Tuesday, July 16, 2019

SCOVT vacates and dismisses charge of disorderly conduct.

State v. Treyez L. McEachin, 2019 VT 37 [filed 5/24/2019]

ROBINSON, J. Defendant Treyez McEachin was convicted of three charges pursuant to a conditional plea that preserved his right to appeal the denial of his motion to suppress and dismiss. Defendant was charged with disorderly conduct based on fighting or violent, tumultuous, or threatening behavior, as well as resisting arrest and simple assault on a police officer. He argues that because his conduct in walking toward a police officer was not disorderly, the disorderly-conduct charge should be dismissed.
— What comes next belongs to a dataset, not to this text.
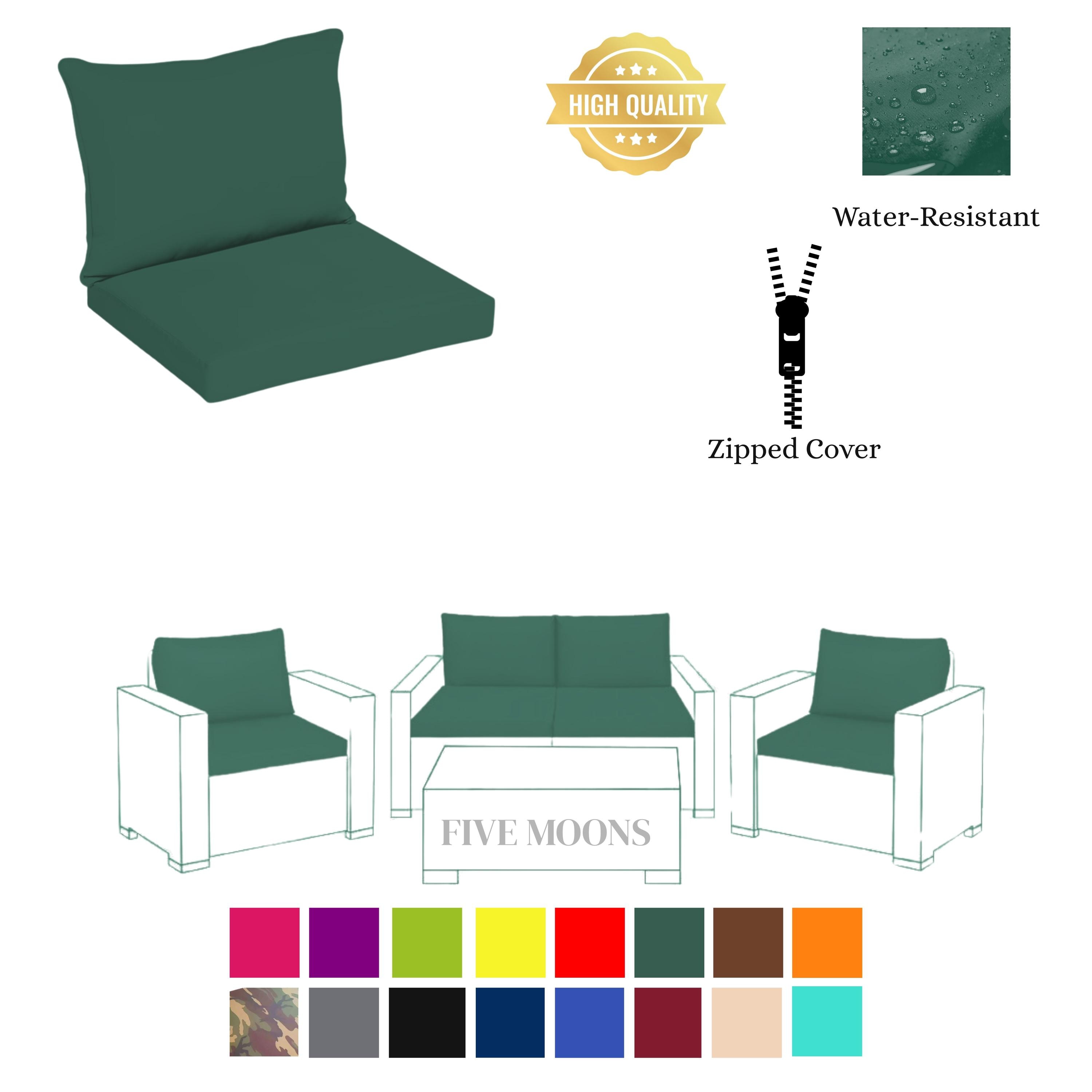 Outdoor patio cushion set with water-resistant, zippered durable co...

He contends that because the officer then wrongfully prolonged their encounter, all evidence of his subsequent conduct, including his assault of the officer well after he was taken into custody, should be suppressed, and the assault charge should be dismissed. We agree that the disorderly-conduct charge should be dismissed, and accordingly reverse the denial of the motion to dismiss that charge. We affirm the denial of the motion to suppress the evidence underlying the assault charge, and affirm that conviction.

A person commits the offense of disorderly conduct by “engag[ing] in fighting or in violent, tumultuous, or threatening behavior” with an “intent to cause public inconvenience or annoyance, or recklessly creat[ing] a risk thereof.” 13 V.S.A. § 1026(a)(1). The disorderly-conduct statute identifies four other bases for a disorderly-conduct charge that are not applicable here. See 13 V.S.A. § 1026(a)(2)-(5). 
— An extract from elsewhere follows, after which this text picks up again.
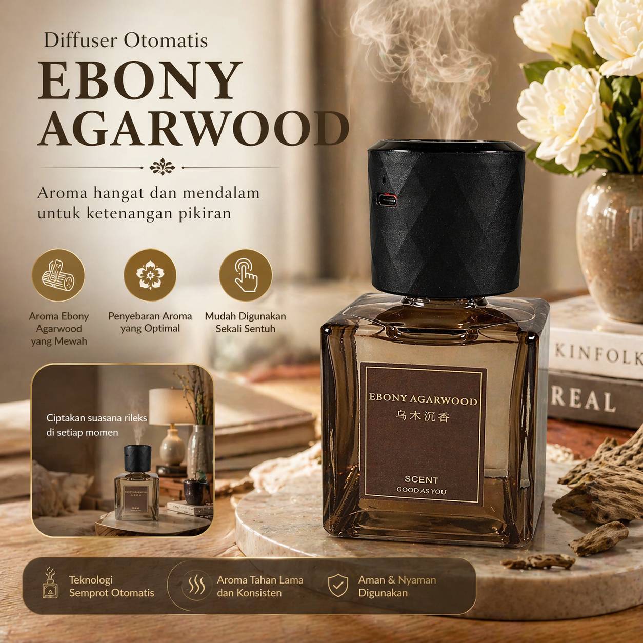 EAST HERBEN Diffuser Otomatis Auto Spray 4 Level 180mAh 200ml Ebony ...

On New Year’s Eve in 2016, four police officers were on foot patrol in Burlington when they received a report that a man was spitting on the window of a local bar. They went to investigate and found defendant outside the establishment.  The officers asked defendant to leave and he did, but. minutes later defendant came walking down the sidewalk back toward the bar. Officer Hodges testified that defendant “changed his trajectory so he was walking directly towards me.” He said defendant “was looking away from me . . . as if he was trying to . . . make it appear that he [wa]s not watching where he was going.” Defendant came within four feet of Officer Hodges, and Officer Hodges put his arm out and pushed defendant back. Defendant began yelling profanities. 
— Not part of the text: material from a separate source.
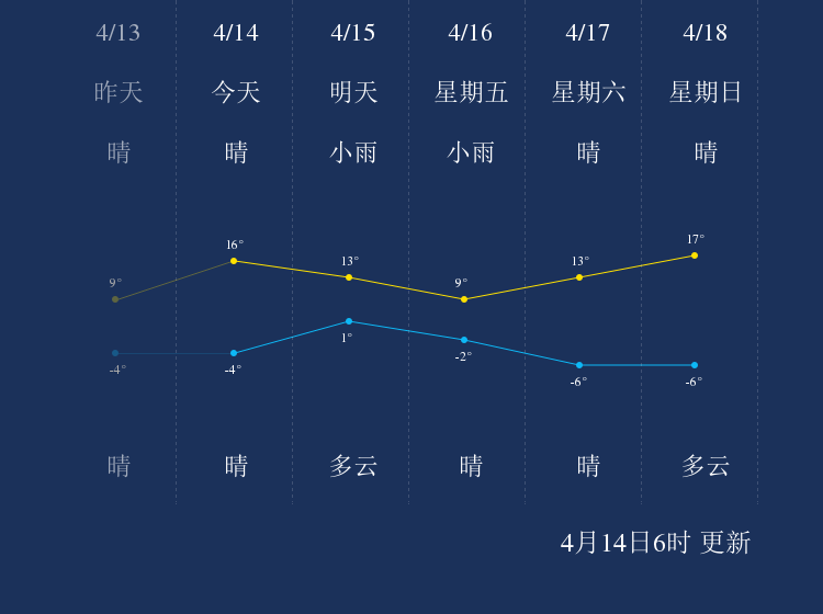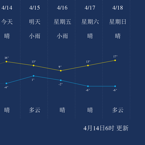 中国天气网讯 今天是4月14日星期三,一起来看天气。

We conclude that the evidence, taken in the light most favorable to the State, does not tend to show beyond a reasonable doubt that defendant , by walking toward Officer Hodges, committed the offense of disorderly conduct through fighting or violent, tumultuous, or threatening behavior, Accordingly we reverse the trial court’s denial of defendant’s motion to dismiss.

We reject defendant’s argument that because the trial court found that the officers unlawfully prolonged their encounter with him by ordering him not to walk by the bar, it should have suppressed all subsequent evidence, including the evidence that he kicked a police officer later that evening, for which he has been charged with simple assault on a law-enforcement officer. We conclude that defendant’s action in kicking the officer is causally distinct from the officers’ actions in ordering him around the bar, and thus suppression is not warranted.

Defendant’s conviction of disorderly conduct is vacated and his motion to dismiss the disorderly-conduct charge is granted. Defendant’s conviction for resisting arrest is vacated and the charge is dismissed. The denial of defendant’s motion to suppress as it relates to the acts underlying the assault charge, and his conviction on that charge, are affirmed.